25

We went into Mimi's bedroom. She was sitting in a deep chair by a window looking very pleased with herself. She smiled gayly at me and said: “My soul is spotless now. I've confessed everything.”

Guild stood by a table wiping his face with a handkerchief. There were still some drops of sweat on his temples, and his face seemed old and tired. The knife and chain, and the handkerchief they had been wrapped in, were on the table.

“Finished?” I asked.

“I don't know, and that's a fact,” he said. He turned his head to address Mimi: “Would you say we were finished?”

Mimi laughed. “I can't imagine what more there would be.”

“Well,” Guild said slowly, somewhat reluctantly, “in that case I guess I'd like to ta!k to Mr. Charles, if you'll excuse us for a couple of minutes.” He folded his handkerchief carefully and put it in his pocket.
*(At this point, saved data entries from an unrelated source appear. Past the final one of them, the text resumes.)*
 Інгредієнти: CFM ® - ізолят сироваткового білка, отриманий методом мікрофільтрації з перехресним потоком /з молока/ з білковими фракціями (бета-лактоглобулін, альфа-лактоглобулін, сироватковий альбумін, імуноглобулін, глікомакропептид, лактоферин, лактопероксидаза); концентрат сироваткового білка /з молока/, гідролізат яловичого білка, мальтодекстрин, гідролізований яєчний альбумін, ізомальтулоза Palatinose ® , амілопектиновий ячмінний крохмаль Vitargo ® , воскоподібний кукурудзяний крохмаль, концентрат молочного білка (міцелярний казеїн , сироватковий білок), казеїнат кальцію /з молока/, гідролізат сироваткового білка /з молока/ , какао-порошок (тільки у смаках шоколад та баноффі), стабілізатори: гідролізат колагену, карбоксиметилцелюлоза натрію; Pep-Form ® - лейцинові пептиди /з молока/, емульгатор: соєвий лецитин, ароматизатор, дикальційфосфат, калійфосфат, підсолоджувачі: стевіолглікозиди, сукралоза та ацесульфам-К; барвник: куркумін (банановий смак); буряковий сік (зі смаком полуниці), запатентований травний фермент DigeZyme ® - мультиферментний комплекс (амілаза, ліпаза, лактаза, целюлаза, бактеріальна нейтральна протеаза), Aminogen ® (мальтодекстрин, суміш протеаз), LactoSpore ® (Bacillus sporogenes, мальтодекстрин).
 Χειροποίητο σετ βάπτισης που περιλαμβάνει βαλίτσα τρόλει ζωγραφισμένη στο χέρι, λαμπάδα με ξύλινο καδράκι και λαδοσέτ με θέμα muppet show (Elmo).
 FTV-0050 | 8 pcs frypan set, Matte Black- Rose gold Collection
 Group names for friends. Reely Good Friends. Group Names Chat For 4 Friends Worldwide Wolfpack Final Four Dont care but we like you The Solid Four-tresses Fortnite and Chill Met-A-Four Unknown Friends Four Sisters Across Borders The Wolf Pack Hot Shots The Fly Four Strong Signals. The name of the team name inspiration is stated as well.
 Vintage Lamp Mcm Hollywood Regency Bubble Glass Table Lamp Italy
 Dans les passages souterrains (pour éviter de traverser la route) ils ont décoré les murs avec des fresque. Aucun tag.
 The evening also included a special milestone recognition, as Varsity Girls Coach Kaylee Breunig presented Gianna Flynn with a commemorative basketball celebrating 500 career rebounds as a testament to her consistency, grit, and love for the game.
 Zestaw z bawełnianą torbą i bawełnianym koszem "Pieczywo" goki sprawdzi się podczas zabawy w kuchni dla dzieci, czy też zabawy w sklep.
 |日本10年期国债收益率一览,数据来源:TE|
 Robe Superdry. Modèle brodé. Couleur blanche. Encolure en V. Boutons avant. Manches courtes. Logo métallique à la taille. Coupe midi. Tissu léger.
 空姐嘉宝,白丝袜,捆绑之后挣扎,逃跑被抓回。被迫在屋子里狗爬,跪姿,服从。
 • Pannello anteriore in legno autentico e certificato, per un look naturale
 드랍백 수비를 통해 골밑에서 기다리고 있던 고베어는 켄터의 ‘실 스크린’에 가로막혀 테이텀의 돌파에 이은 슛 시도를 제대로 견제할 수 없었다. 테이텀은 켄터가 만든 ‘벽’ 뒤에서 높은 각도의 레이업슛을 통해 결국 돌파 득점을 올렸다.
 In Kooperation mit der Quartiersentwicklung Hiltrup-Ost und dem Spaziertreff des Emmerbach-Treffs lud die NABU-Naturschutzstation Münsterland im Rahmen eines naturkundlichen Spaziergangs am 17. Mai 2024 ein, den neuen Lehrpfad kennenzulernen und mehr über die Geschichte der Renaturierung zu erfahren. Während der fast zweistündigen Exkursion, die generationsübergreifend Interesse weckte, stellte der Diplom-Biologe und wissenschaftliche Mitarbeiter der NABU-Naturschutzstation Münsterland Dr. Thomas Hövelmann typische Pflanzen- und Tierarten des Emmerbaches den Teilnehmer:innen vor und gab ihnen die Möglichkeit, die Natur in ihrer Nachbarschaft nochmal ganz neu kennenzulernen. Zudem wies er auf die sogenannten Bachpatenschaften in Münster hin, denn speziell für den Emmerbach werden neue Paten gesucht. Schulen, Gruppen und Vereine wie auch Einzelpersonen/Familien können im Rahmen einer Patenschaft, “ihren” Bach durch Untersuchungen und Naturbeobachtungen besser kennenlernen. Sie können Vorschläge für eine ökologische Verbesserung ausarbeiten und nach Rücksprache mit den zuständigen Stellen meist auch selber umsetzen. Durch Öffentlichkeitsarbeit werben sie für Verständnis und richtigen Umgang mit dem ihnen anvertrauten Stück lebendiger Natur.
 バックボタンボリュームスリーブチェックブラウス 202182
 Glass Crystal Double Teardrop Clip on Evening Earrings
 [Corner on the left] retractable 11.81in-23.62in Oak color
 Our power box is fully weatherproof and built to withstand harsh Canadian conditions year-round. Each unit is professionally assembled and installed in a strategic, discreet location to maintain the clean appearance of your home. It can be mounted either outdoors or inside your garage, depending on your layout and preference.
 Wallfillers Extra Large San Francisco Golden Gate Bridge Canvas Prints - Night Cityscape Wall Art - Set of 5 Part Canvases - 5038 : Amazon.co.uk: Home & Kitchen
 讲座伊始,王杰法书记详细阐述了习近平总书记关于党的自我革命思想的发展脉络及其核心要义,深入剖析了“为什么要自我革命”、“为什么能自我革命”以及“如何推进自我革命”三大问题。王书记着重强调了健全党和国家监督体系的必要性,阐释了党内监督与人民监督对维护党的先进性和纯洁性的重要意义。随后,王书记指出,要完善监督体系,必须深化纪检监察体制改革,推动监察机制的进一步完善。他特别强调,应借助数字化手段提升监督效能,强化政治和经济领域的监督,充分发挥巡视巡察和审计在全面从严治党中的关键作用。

“You can talk here.” She got up from the chair. “I'll go out and talk to Mrs. Charles till you're through.” She tapped my cheek playfully with the tip of a forefinger as she passed me. “Don't let them say too horrid things about me, Nick.”

Andy opened the door for her, shut it behind her, and made the o and the b!owing noise again.

I lay down on the bed. “Well,” I asked, “what's what?”

Guild cleared his throat. “She told us about finding this here chain and knife on the floor where the Wolf dame had most likely broke it off fighting with Wynant, and she told us the reasons why she'd hid it till now. Between me and you, that don't make any too much sense, looking at it reasonably, but maybe that ain't the way to look at it in this case. To tell you the plain truth, I don't know what to make of her in a lot of ways, I don't for a fact.”

“The chief thing,” I advised them, “is not to let her tire you out. When you catch her in a lie, she admits it and gives you another lie to take its place and, when you catch her in that one, admits it and gives you still another, and so on. Most people—even women—get discouraged after you've caught them in the third or fourth straight lie and fall back on either the truth or silence, but not Mimi. She keeps trying and you've got to be careful or you'll find yourself believing her, not because she seems to be telling the truth, but simply because you're tired of disbelieving her.”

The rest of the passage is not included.